Combination of stereotactic radiosurgery and cytokine gene-transduced tumor cell vaccination: a new strategy against metastatic brain tumors.

OBJECT: To determine if the combination of radiosurgery and tumor cell vaccine would enhance the therapy of metastatic lesions of the central nervous system (CNS), the authors examined the antitumoral effects of radiosurgery and cytokine-transduced tumor cell vaccine. METHODS: Fifty-five rats underwent intracranial implantation of 5 x 10(3) MADB 106 cells. On Day 3 after tumor implantation, 34 rats were inoculated in the flank with nonirradiated MADB 106 cells that had been retrovirally transduced to express granulocyte-macrophage colony-stimulating factor or interleukin-4. Twenty-seven rats (17 animals that had received the vaccine and 10 that had not) underwent radiosurgery performed using a gamma knife at maximum doses of 32 Gy on Day 5. No animals in the untreated group or in the vaccine-alone groups survived longer than 21 days.
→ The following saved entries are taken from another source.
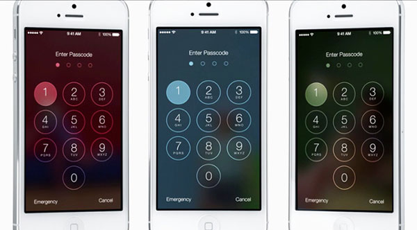 จากภาพด้านบน เราจะเห็นได้ว่า เมื่อเราเปลี่ยนสีแบ็คกราวน์ ตรงปุ่มกดก็จะเปลี่ยนสีไปตามแบ็คกราวน์นั้นๆ ด้วยเช่นกัน สมมติว่า แบ็คกราวน์เป็นสีแดง ปุ่มกดก็จะเป็นสีแดง (แต่โทนอ่อนกว่า) ซึ่งจุดนี้ ตีความได้ว่า iPhone 5S อาจจะมีหลายสี ตามข่าวลือก่อนหน้าครับ ซึ่งผู้ใช้จะสามารถเปลี่ยนสีของ อินเทอร์เฟส ได้ตามสีของตัวเครื่อง หรือใช้สีตามใจชอบได้นั่นเอง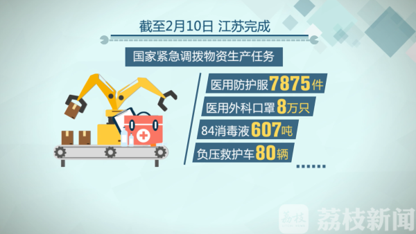 记者从省工信厅了解到,目前,我省医用口罩、医用防护服生产企业均已复工。 1月 26日,我省完成5000件防护服、3万箱84消毒液等国家紧急调拨物资。截至2月10日, 江苏又完成医用防护服7875件、医用外科口罩8万只、84消毒液607吨、负压救护车80 辆等国家紧急调拨物资的生产任务,全力支援重点地区疫情防控。
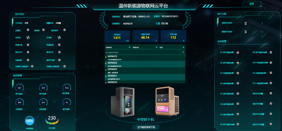 ▲共享烘干机平台界面经过安装调试,村民可以通过设备控制面板或者手机APP给设备下达指令,完成红薯等农作物的脱水,桑葚、柠檬等水果的初加工,以及腊肉腊肠的烘干流程,大大方便了生产生活。此外,通过连接平台,村两委可以实时监测设备情况,保障设备安全使用。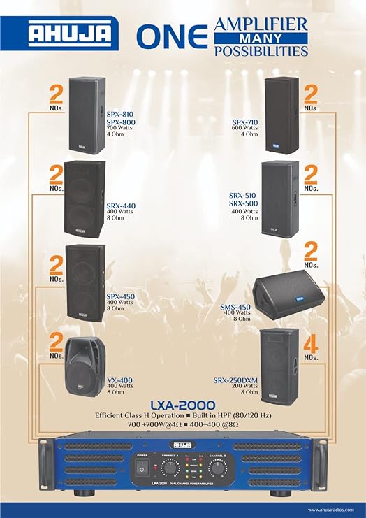 • Ahuja DUAL CHANNEL POWER AMPLIFIERS 2000 Watts rated output.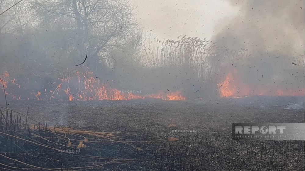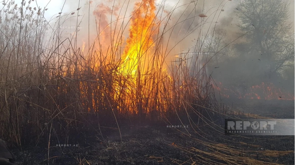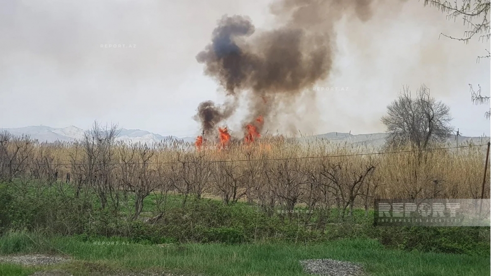 Göyçay rayonunun Çayarxı kəndi ərazisində qamışlıq və yabanı kolluq ərazidə yanğın olub.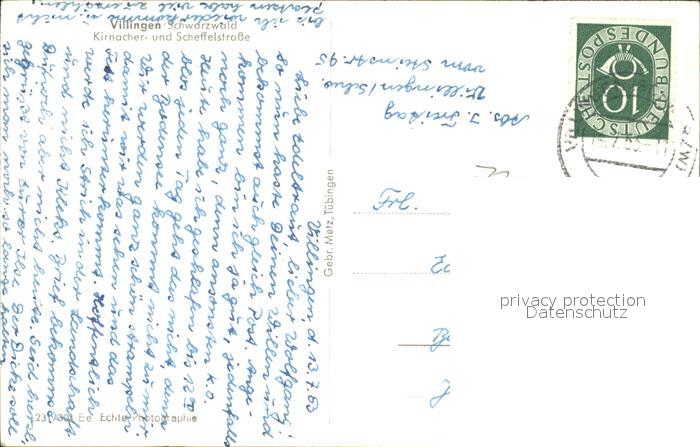 31731311 alte Postkarte Villingen-Schwenningen Kirnacher – und Scheffelstrasse postalisch gelaufen KatCode: 11110008326074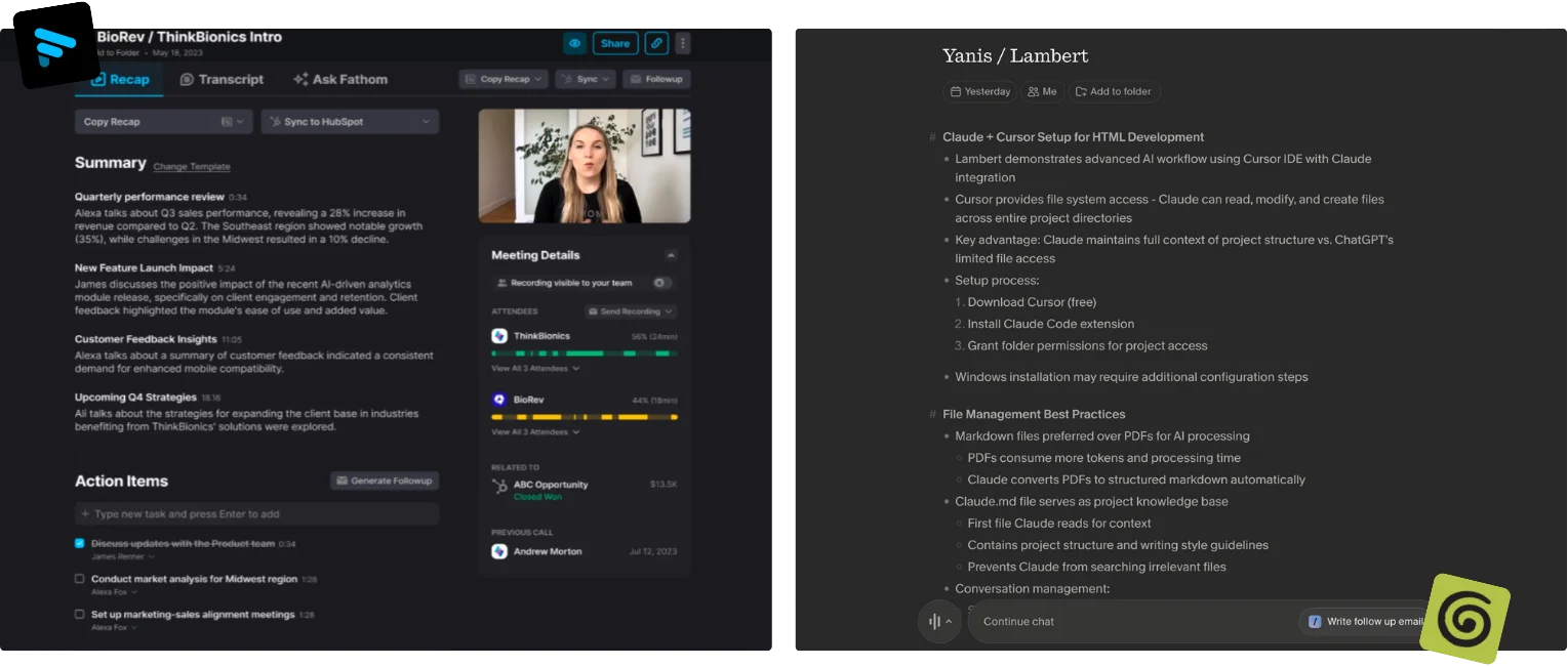Verdict: Granola wins on social friction and privacy. Fathom wins on reliability and shareability. Recording sales calls all day? The bot is fine. Your prospects expect it. Internal exec meetings or sensitive client calls? Granola's bot-free capture is a real differentiator.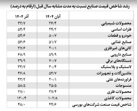 با استفاده از دادههای شرکتهای بورسی که به تفکیک محصول ارائه میشود. میتوان قیمت فروش محصولات این شرکتها را به دست آورد. با استفاده از این دادهها و به کارگیری روشهای مرسوم شاخصسازی، شاخص قیمتی به تفکیک صنایع مختلف ساخته شده است. در چهار ماه ابتدایی سال ۱۴۰۴ رشد شاخص قیمت صنعت بین ۳۵ درصد تا ۳7 درصد در نوسان بوده است؛ اما در مرداد، روند صعودی دیگری از رشد شاخص قیمت صنعت شروع شد و رشد شاخص قیمت به ۳9٫7 درصد رسید. این روند صعودی تا آذر نیز ادامه داشته و رشد شاخص قیمت در آذر نسبت به مدت مشابه سال قبل به ۴8 درصد رسیده است.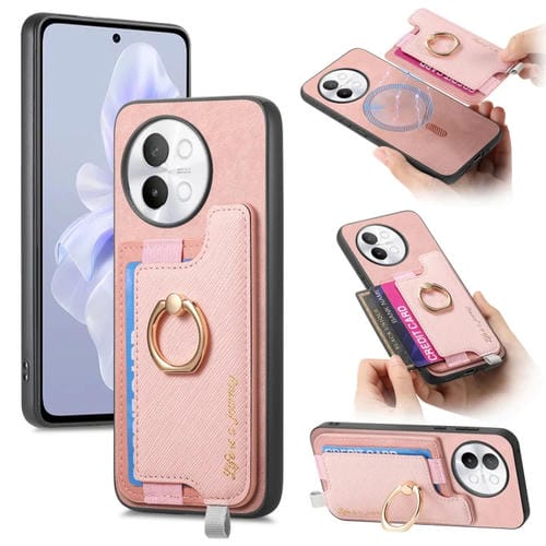 Funda para Teléfono con TaRJetero y Anillo de Cuero con Diseño Retro Magsafe Cross para Vivo S18E 5G (Rosa)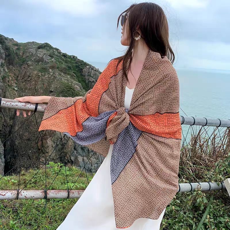 180x75 한국 버전의 봄과 여름 새로운면 및 린넨 스카프 얇은 실키 숄 여행 선 스크린 비치 스카프 여성용 스카프스토어 가기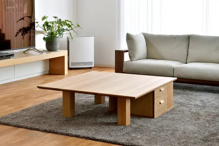 また、オーク材やブナ材などの同色系の明るい素材の家具を合わせたり、他の無垢材を合わせるとナチュラルモダンな落ち着いた雰囲気を演出できるでしょう。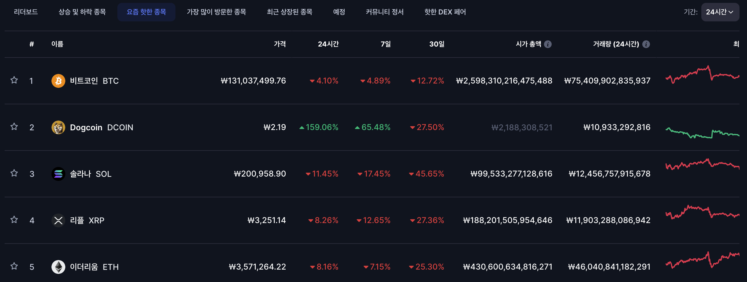 - 시가총액: 도지코인 시가총액은 약 350억~400억 달러 사이로 전체 암호화폐 순위 8위~10위권 유지하고 있음. 시장 전반이 급락하는 오늘도 핫한 종목에 랭크됨.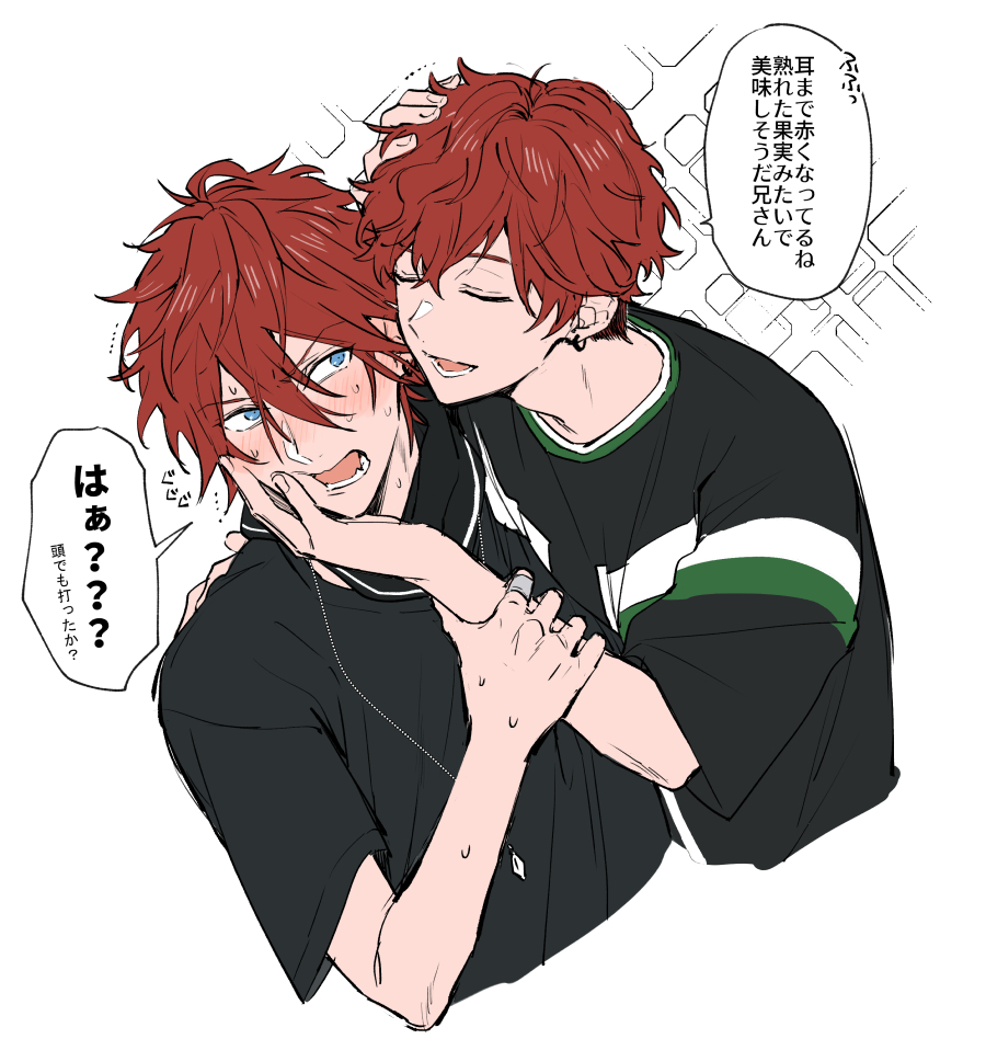 2boys amagi_hiiro amagi_rinne black_shirt blue_eyes blush brothers closed_eyes cropped_torso earrings ensemble_stars! hair_between_eyes hand_on_another's_face jewelry male_focus multiple_boys nakayama_miyuki necklace open_mouth piercing red_hair shirt short_hair short_sleeves siblings simple_background smile speech_bubble sweat t-shirt upper_body white_background yaoi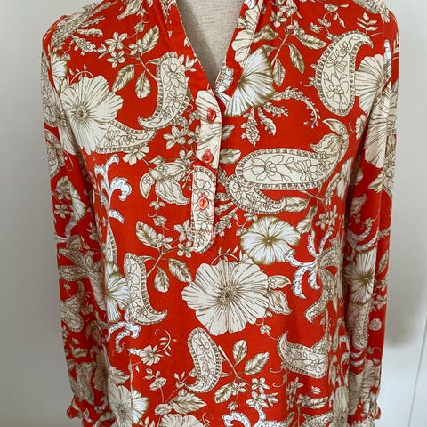 Bluse i rødt med art deco mønster. Flowy i viskose (naturmateriale). Hempe til lukning i halsen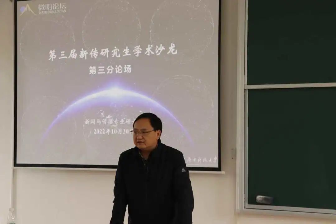 在第三分论场,13名硕士研究生聚焦算法引发的信息传播问题、新媒体语境消解现象、女性文化建构、云秀场营销创新、传统媒体市场结构失衡、灾难报道现象、人际交往行为新动向、听觉文化发展探析等议题进行了深入探讨,袁星洁老师和李胜清老师点出同学们论文撰写中存在主体模糊、理论使用范围局限、文章内容空泛等“通病”,指导学生应学会透过内容抓住本质,丰富表达方式元素,落实理论依据。现场学术气氛十分热烈。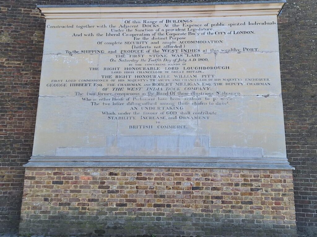Anteriormente los barcos de mercancías se acumulaban en pleno río Támesis en el centro de Londres, mientras barcos más pequeños ayudaban a la carga y descarga de sus mercancías. Pero este proceso lento y caótico provocaban una gran cantidad de robos.
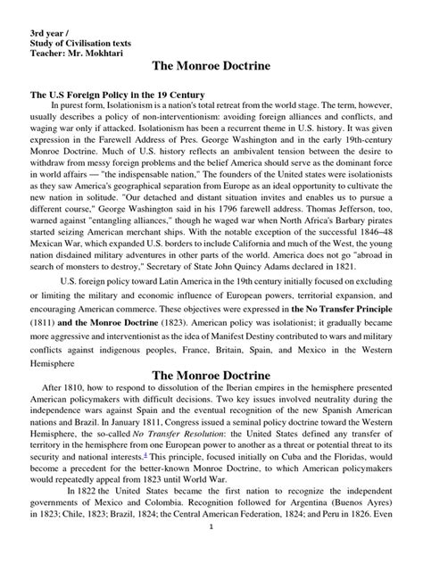 Hey guys, let’s dive into James Monroe and the Monroe Doctrine , a pretty big deal in American history. You might have heard of it, but what exactly was it, and why should we even care? Well, buckle up, because we’re about to break it all down. James Monroe wasn’t just any president; he was the fifth president of the United States, serving from 1817 to 1825. His time in office is often called the “Era of Good Feelings,” and while that sounds super chill, it was also a period of significant foreign policy developments, chief among them being the doctrine that now bears his name. The Monroe Doctrine , proclaimed in 1823, was essentially a statement of U.S. foreign policy that said, “Hey Europe, stay out of our backyard!” It declared that further efforts by European nations to colonize or interfere with states in the Americas would be viewed as acts of aggression, requiring U.S. intervention. Pretty bold, right? Especially considering the U.S. was still a relatively young nation back then. This doctrine wasn’t just a fleeting thought; it shaped American foreign policy for decades and continues to be referenced even today. It was a defining moment for America, signaling its growing assertiveness on the world stage and its determination to protect its interests in the Western Hemisphere. So, when we talk about James Monroe, we’re not just talking about a president; we’re talking about the architect of a policy that would have lasting repercussions.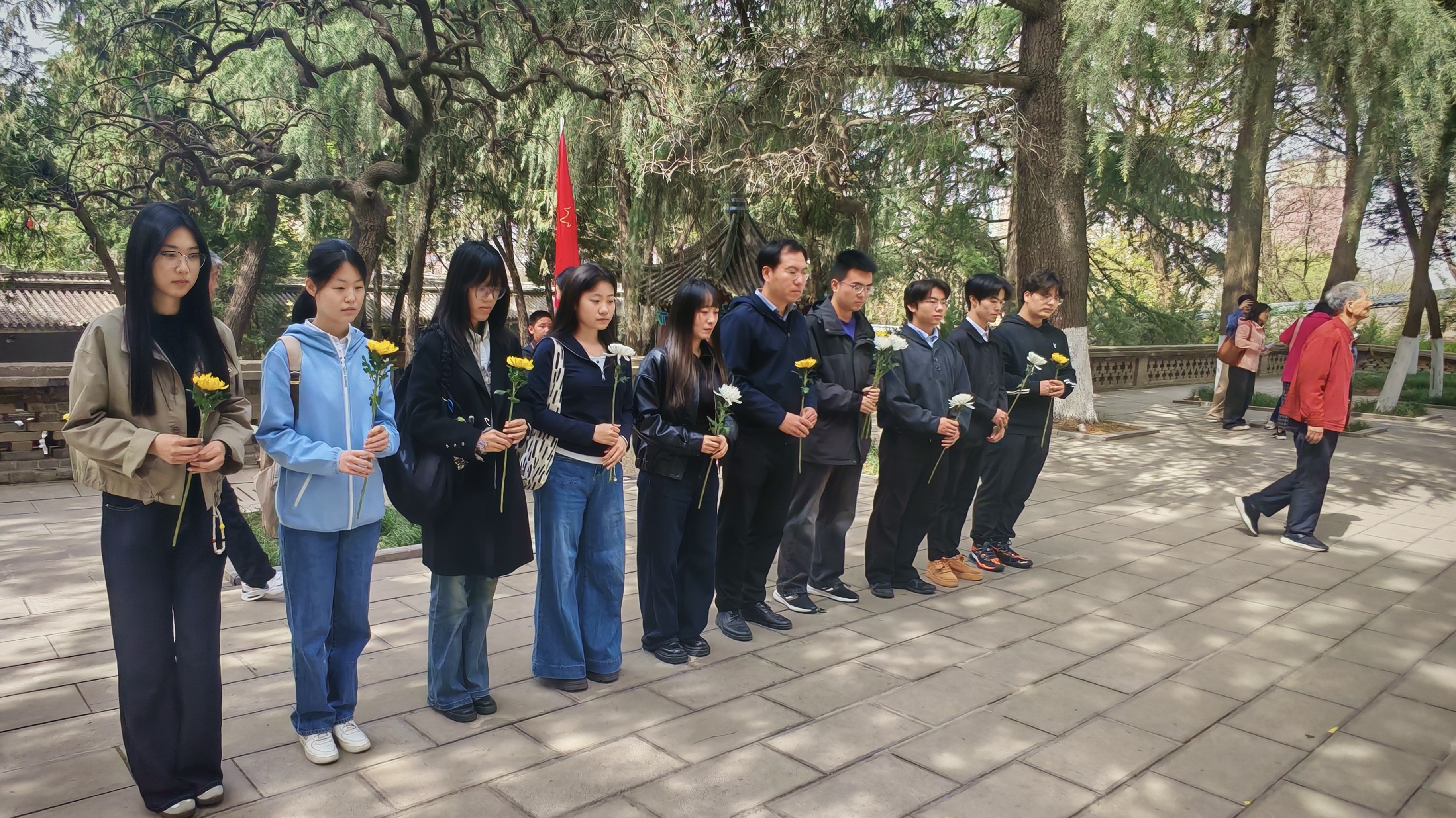 活动伊始,全体师生怀着无比崇敬的心情整齐列队,祭扫仪式正式启动。学院教师代表、学生代表共同向杨虎城将军等革命先烈献花,全体人员肃立默哀三分钟,深切缅怀英烈们为国家独立、民族解放作出的伟大牺牲与不朽贡献,用朴素而庄重的方式,表达对英烈的无限敬仰与深切追思。

Animals treated by ra diosurgery alone displayed prolonged survival in comparison with untreated animals (p < 0.0001), but only one of 10 animals survived longer than 55 days. In contrast, 14 of 17 animals that received the combination therapy of radiosurgery and vaccination survived longer than 55 days (p = 0.0003 compared with animals that underwent radiosurgery alone). On Day 55, the long-term survivors were challenged by parental MADB 106 cells, which were implanted in the contralateral hemisphere. All animals from the combination therapy groups survived longer than 50 days after this challenge, but the single survivor from the radiosurgery-alone group died of tumor growth in 27 days. CONCLUSIONS: The combination of radiosurgery and cytokine gene-transduced tumor cell vaccine markedly prolonged animal survival and protected animals from a subsequent challenge by parental tumor cells placed in the CNS. The data provided by this study indicate that this combination therapy represents a strategy that may have clinical applicability for single and/or multiple metastatic brain tumors.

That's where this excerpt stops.